Right now, I am poking around the early parts. I am learning about the roots of liberalism and their connection with Romanticism, and here’s where things get really wild for me. Nearly to the degree that history is in my blood, Romanticism is, too. Only toward the end of my education at DTS did I become aware that it was its own theological movement, and that its fingerprints were all over my life. I knew Modernity as rationalism, and Postmodernity as a kind of post-rationalism. I had heard about German Higher Criticism and Darwinism and fundamentalism and so on. I knew my denominations. I knew my doctrines. But Romanticism was always talked about under other names, or perhaps only through nearby relations like Pietism, Scottish Common Sense, Idealism, and so on. This really landed on my radar as an area worth exploring after reading Carl Trueman’s Rise and Triumph of the Modern Self.

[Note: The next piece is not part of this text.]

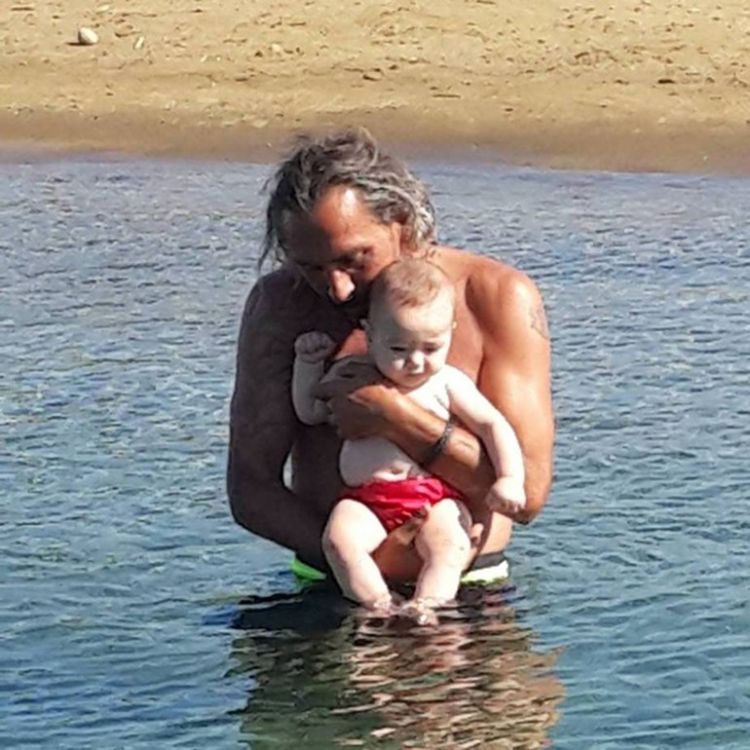 Babasının kucağında denize giren minik bebeğin mutlu halleri dikkatlerden kaçmadı.

So on the one hand, I am curious, and that is always a good sign. I also feel a burden to understand liberalism, postmodernism, and progressivism, and I have never been able to shake that burden. I’m not interesting in winning some apologetic debate; I wish to find the truth, not defeat an opponent. But if I can learn something from these traditions and perhaps bring to light things that could bring healing to the church, that would be an incredible priviledge.
But one last connection. Did I mention I majored in English? In every elective where I had the choice, I focused on 19th and 20th century literature. Until now, that education was preparation for the mind in general, but it has not proved all that useful in theological conversations. So studying the roots and effects of Romanticism puts me in a position to re-engage with my undergraduate work. This is thrilling to me for many reasons, not least of which is that I chose these studies because I enjoyed them and not because I planned to get anything professionally advantageous out of them. I have since been haunted by the need to choose the thing that will make my efforts “count” in some way, (see above), and that always casts a bit of doubt over whether there is anything deeper there to ground the labor. I look forward to exploring further whether there is something there in the natural growth that can feed the more structured enterprise.
Goodness. I sat down with the hopes of sharing what I had been reading about the Romantics, but it’s turned out to be all prelude instead. I promise to come back to it, though I know not when.